**Problem to work on**
Set down each of the records below exactly as it reads. No pictures go into the copy.

**Data for processing**
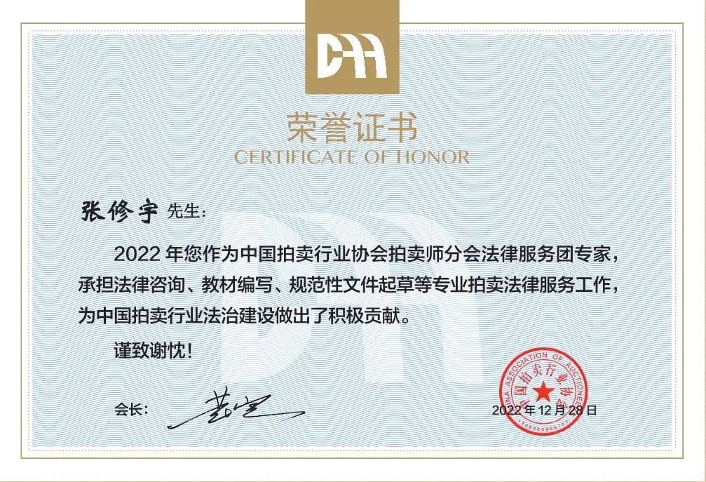 2022年12月28日,中國拍賣行業(yè)協(xié)會為河北如意山海拍賣有限公司總經(jīng)理張修宇頒發(fā)了《榮譽證書》,表彰張修宇對中國拍賣行業(yè)協(xié)會法治建設做出的積極貢獻。
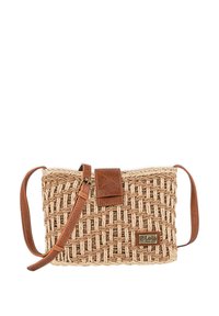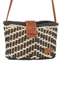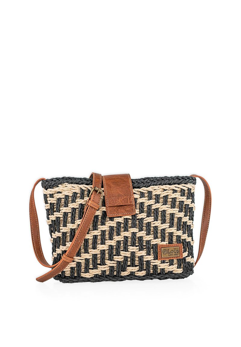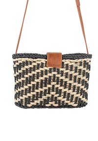 Bolso cruzado tejido en tonos negros y naturales, con una correa y cierre de piel marrón, forma rectangular y superficie texturizada.
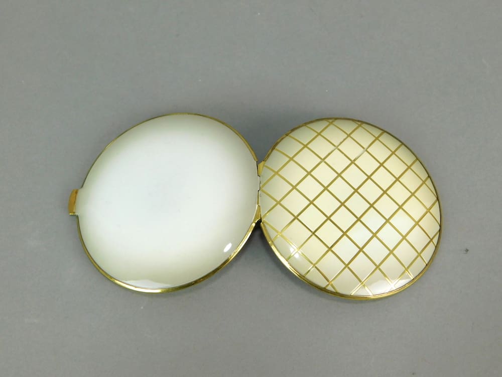 This 1930’s German cream enamel compact is old stock from a shop that was never sold.
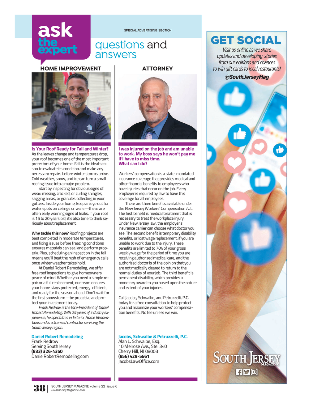 SJM_ATE_9_25_Reg3and4 . qxp_Pages 9 / 19 / 25 10 : 38 AM Page 3 SPECIAL ADVERTISING SECTION ask the questionsand expert answers HOME IMPROVEMENT ATTORNEY Is Your Roof Ready for Fall and Winter ? I was injured on the job and am unable As the leaves change and temperatures drop , to work . My boss says he won’t pay me your roof becomes one of the most important if I have to miss time . protectors of your home . Fall is the ideal sea - What can I do ? son to evaluate its condition and make any necessary repairs before winter storms arrive . Workers’compensation is a state - mandated Cold weather , snow , and ice can turn a small insurancecoverage that provides medical and roofing issue into a major problem . otherfinancial benefits to employees who Start by inspecting for obvious signs of haveinjuries that occur on the job . Every wear : missing , cracked , or curling shingles , employer is required by law to have this sagging areas , or granules collecting in your coveragefor all employees . gutters . Inside your home , keep an eye out for Thereare three benefits available under water spots on ceilings or walls — these are theNew Jersey Workers ’ Compensation Act . often early warning signs The first benefit is medical treatment that is ofleaks . If your roof is 15 to 20 years old , it’s also time to think se - necessaryto treat the workplace injury . riously about replacement . UnderNew Jersey law , the employer’s insurance carrier can choose what doctor you Why tackle this now ? Roofing projects are see.The second benefit is temporary disability best completed in moderate temperatures , benefits , or lost wage replacement , if you are and fixing issues before freezing conditions unableto work due to the injury . These ensures materials can seal and perform prop - benefitsare limited to 70 % of your gross erly . Plus , scheduling an inspection in the fall weeklywage for the period of time you are means you’ll beat the rush of emergency calls receivingauthorized medical care , and the once winter weather takes hold . authorizeddoctor is of the opinion that you At Daniel Robert Remodeling , we offer arenot medically cleared to return to the free roof inspections to give homeowners normalduties of your job . The third benefit is peace of mind . Whether you need a simple re - permanentdisability , which provides a pair or a full replacement , our team ensures monetaryaward to you based upon the nature your home stays protected , energy - efficient , andextent of your injuries . and ready for the season ahead . Don’t wait for the first snowstorm — be proactive and pro - CallJacobs , Schwalbe , and Petruzzelli , P.C . tect your investment today . todayfor a free consultation to help protect Frank Redrow is the Vice - President of Daniel youand maximize your workers ’ compensa - Robert Remodeling . With 25 years of industry ex - tionbenefits . No fee unless we win . perience , he specializes in Exterior Home Renova - tions and is a licensed contractor servicing the South Jersey region . Daniel Robert Remodeling Jacobs , Schwalbe & Petruzzelli , P.C . Frank Redrow Alan L . Schwalbe , Esq . Serving South Jersey 10 Melrose Ave . , Ste . 340 ( 833 ) 326 - 4350 Cherry Hill , NJ 08003 DanielRobertRemodeling.com ( 856 ) 429 - 5661 JacobsLawOffice.com SOUTH JERSEY MAGAZINE volume 22 issue 6 SouthJerseyMagazine.com 38 |
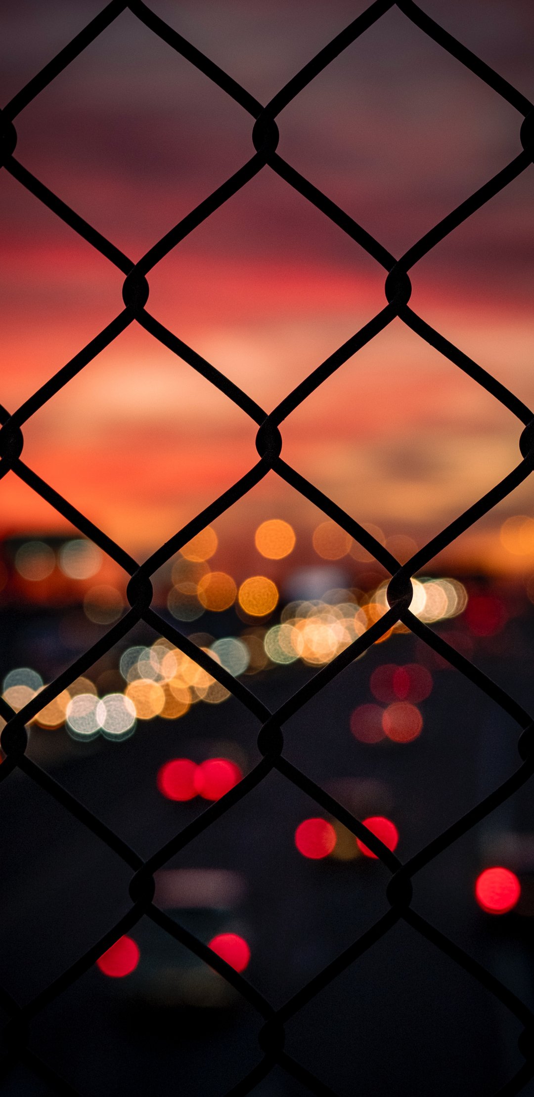Обои: решетка, закат, огни города - 1080x2220
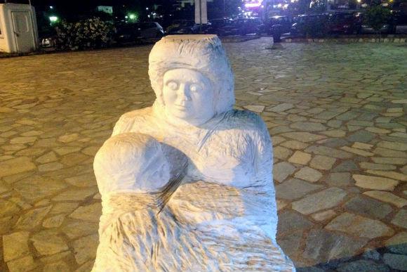 Φέτος όμως ήρθε η ώρα της τέχνης. Στη μικρή τσιμεντένια πλατεία του λιμανιού κάποιος δημόσιος φορέας πήγε και κότσαρε ένα άγαλμα απερίγραπτης αισθητικής, μια μεταμοντέρνα φρίκη λευκού χρώματος, στη μέση του πουθενά και χωρίς καμία λογική εναρμόνησης με το χώρο. Φυσικά χωρίς σηματοδότηση ώστε να γνωρίζουμε το όνομα του ευφάνταστου καλλιτέχνη που φιλοτέχνησε τον απερίγραπτο όγκο της άγνωστης μάνας με το μωρό αγκαλιά που δεσπόζει πια στον περίπατο των κατοίκων και των επισκεπτών.
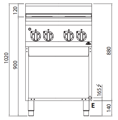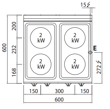 Worktop and front panels in AISI 304 stainless steel. Worktop molded in a single, watertight piece. Cast iron plates with safety thermostat and 6-position selector that activates 6 different concentric power zones. Voltage and work control lights. Adjustable feet.
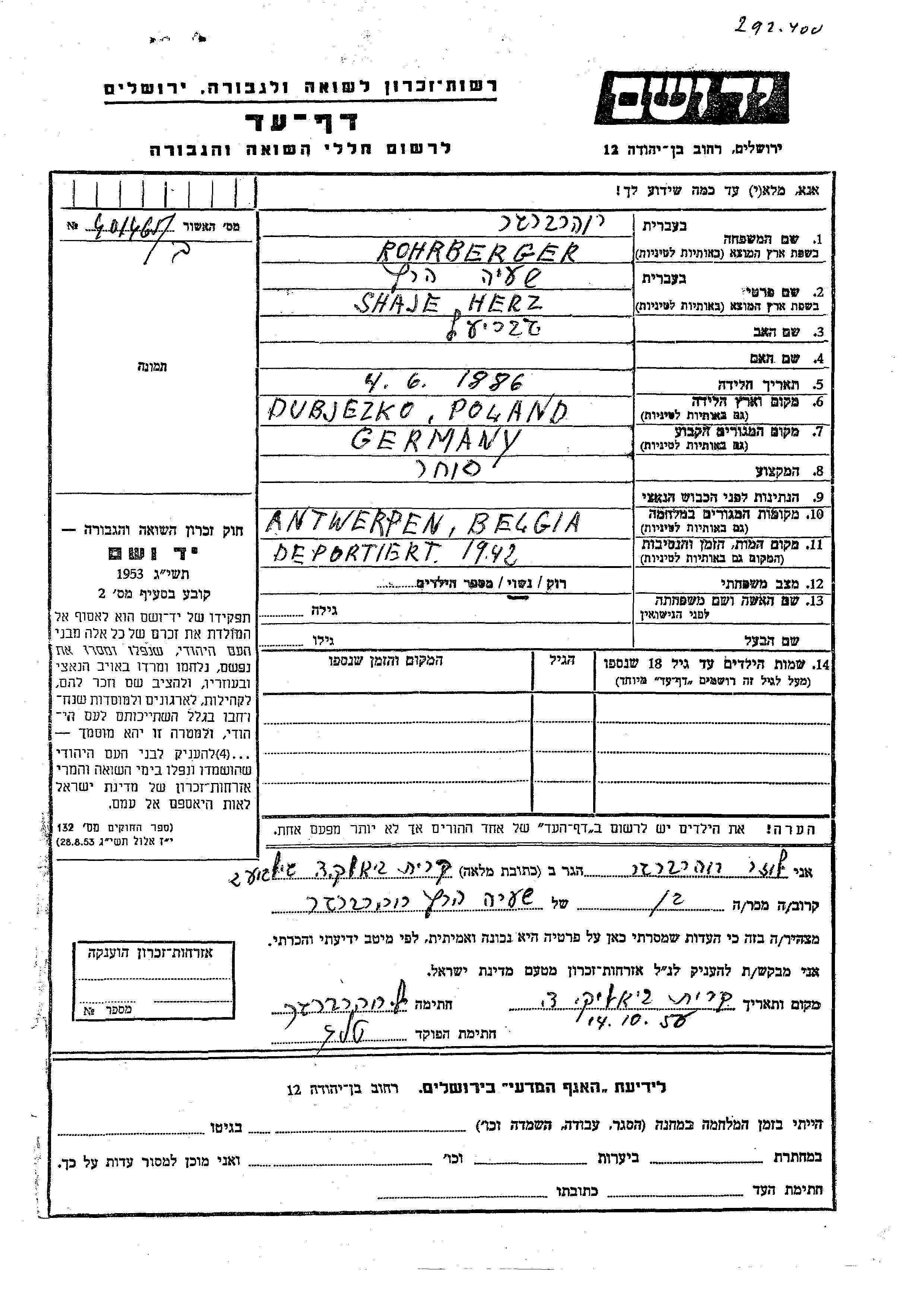 Шае Херц Рорбергер, место рождения: Дубецко, Польша. Отец: Габриэль. Торговец / торговка. Женат / замужем. Место жительства до войны: Германия. Место во время войны: Антверпен, Бельгия.
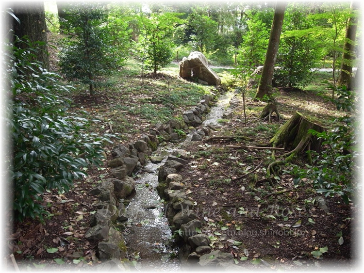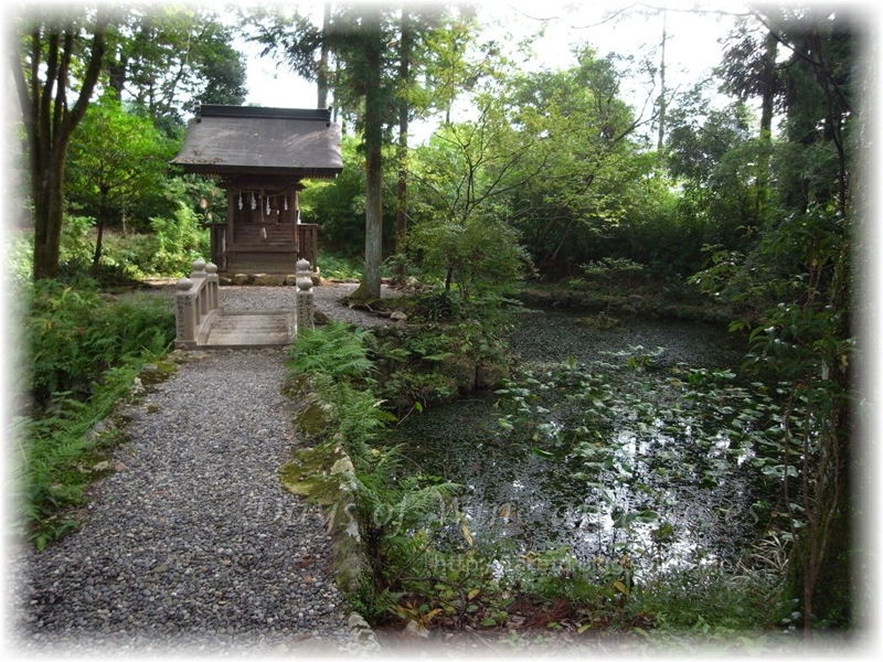 水音に誘われて歩を進めると、池に囲まれたお社が。
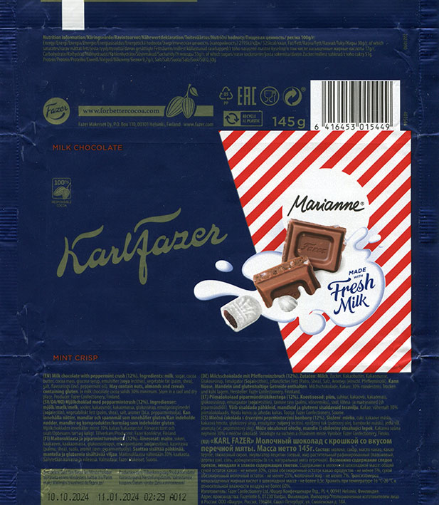 KarlFazer, Marianne, milk chocolate with peppermint crush, 145g, 10.10.2023, Fazer Confectionery, Helsinki, Finland
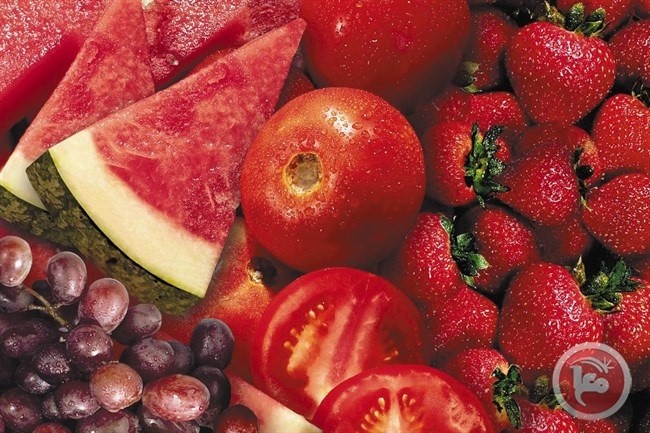 الأطعمة الحمراء مثل الفراولة، الفلفل الأحمر، الطماطم، الرمان، البنجر، والبطيخ تحتوي على مضادات أكسدة تحمي الخلايا من تلف الجذور الحرة. يعد الفلفل الأحمر مصدرًا ممتازًا لفيتامين ج (Vitamin C) وبيتا كاروتين، اللذين يساعدان في محاربة الجذور الحرة وتقليل الإلتهابات.

**Reply**
 2022年12月28日,中國拍賣行業(yè)協(xié)會為河北如意山海拍賣有限公司總經(jīng)理張修宇頒發(fā)了《榮譽證書》,表彰張修宇對中國拍賣行業(yè)協(xié)會法治建設做出的積極貢獻。
 Bolso cruzado tejido en tonos negros y naturales, con una correa y cierre de piel marrón, forma rectangular y superficie texturizada.
 This 1930’s German cream enamel compact is old stock from a shop that was never sold.
 SJM_ATE_9_25_Reg3and4 . qxp_Pages 9 / 19 / 25 10 : 38 AM Page 3 SPECIAL ADVERTISING SECTION ask the questionsand expert answers HOME IMPROVEMENT ATTORNEY Is Your Roof Ready for Fall and Winter ? I was injured on the job and am unable As the leaves change and temperatures drop , to work . My boss says he won’t pay me your roof becomes one of the most important if I have to miss time . protectors of your home . Fall is the ideal sea - What can I do ? son to evaluate its condition and make any necessary repairs before winter storms arrive . Workers’compensation is a state - mandated Cold weather , snow , and ice can turn a small insurancecoverage that provides medical and roofing issue into a major problem . otherfinancial benefits to employees who Start by inspecting for obvious signs of haveinjuries that occur on the job . Every wear : missing , cracked , or curling shingles , employer is required by law to have this sagging areas , or granules collecting in your coveragefor all employees . gutters . Inside your home , keep an eye out for Thereare three benefits available under water spots on ceilings or walls — these are theNew Jersey Workers ’ Compensation Act . often early warning signs The first benefit is medical treatment that is ofleaks . If your roof is 15 to 20 years old , it’s also time to think se - necessaryto treat the workplace injury . riously about replacement . UnderNew Jersey law , the employer’s insurance carrier can choose what doctor you Why tackle this now ? Roofing projects are see.The second benefit is temporary disability best completed in moderate temperatures , benefits , or lost wage replacement , if you are and fixing issues before freezing conditions unableto work due to the injury . These ensures materials can seal and perform prop - benefitsare limited to 70 % of your gross erly . Plus , scheduling an inspection in the fall weeklywage for the period of time you are means you’ll beat the rush of emergency calls receivingauthorized medical care , and the once winter weather takes hold . authorizeddoctor is of the opinion that you At Daniel Robert Remodeling , we offer arenot medically cleared to return to the free roof inspections to give homeowners normalduties of your job . The third benefit is peace of mind . Whether you need a simple re - permanentdisability , which provides a pair or a full replacement , our team ensures monetaryaward to you based upon the nature your home stays protected , energy - efficient , andextent of your injuries . and ready for the season ahead . Don’t wait for the first snowstorm — be proactive and pro - CallJacobs , Schwalbe , and Petruzzelli , P.C . tect your investment today . todayfor a free consultation to help protect Frank Redrow is the Vice - President of Daniel youand maximize your workers ’ compensa - Robert Remodeling . With 25 years of industry ex - tionbenefits . No fee unless we win . perience , he specializes in Exterior Home Renova - tions and is a licensed contractor servicing the South Jersey region . Daniel Robert Remodeling Jacobs , Schwalbe & Petruzzelli , P.C . Frank Redrow Alan L . Schwalbe , Esq . Serving South Jersey 10 Melrose Ave . , Ste . 340 ( 833 ) 326 - 4350 Cherry Hill , NJ 08003 DanielRobertRemodeling.com ( 856 ) 429 - 5661 JacobsLawOffice.com SOUTH JERSEY MAGAZINE volume 22 issue 6 SouthJerseyMagazine.com 38 |
Обои: решетка, закат, огни города - 1080x2220
 Φέτος όμως ήρθε η ώρα της τέχνης. Στη μικρή τσιμεντένια πλατεία του λιμανιού κάποιος δημόσιος φορέας πήγε και κότσαρε ένα άγαλμα απερίγραπτης αισθητικής, μια μεταμοντέρνα φρίκη λευκού χρώματος, στη μέση του πουθενά και χωρίς καμία λογική εναρμόνησης με το χώρο. Φυσικά χωρίς σηματοδότηση ώστε να γνωρίζουμε το όνομα του ευφάνταστου καλλιτέχνη που φιλοτέχνησε τον απερίγραπτο όγκο της άγνωστης μάνας με το μωρό αγκαλιά που δεσπόζει πια στον περίπατο των κατοίκων και των επισκεπτών.
 Worktop and front panels in AISI 304 stainless steel. Worktop molded in a single, watertight piece. Cast iron plates with safety thermostat and 6-position selector that activates 6 different concentric power zones. Voltage and work control lights. Adjustable feet.
 Шае Херц Рорбергер, место рождения: Дубецко, Польша. Отец: Габриэль. Торговец / торговка. Женат / замужем. Место жительства до войны: Германия. Место во время войны: Антверпен, Бельгия.
 水音に誘われて歩を進めると、池に囲まれたお社が。
 KarlFazer, Marianne, milk chocolate with peppermint crush, 145g, 10.10.2023, Fazer Confectionery, Helsinki, Finland
 الأطعمة الحمراء مثل الفراولة، الفلفل الأحمر، الطماطم، الرمان، البنجر، والبطيخ تحتوي على مضادات أكسدة تحمي الخلايا من تلف الجذور الحرة. يعد الفلفل الأحمر مصدرًا ممتازًا لفيتامين ج (Vitamin C) وبيتا كاروتين، اللذين يساعدان في محاربة الجذور الحرة وتقليل الإلتهابات.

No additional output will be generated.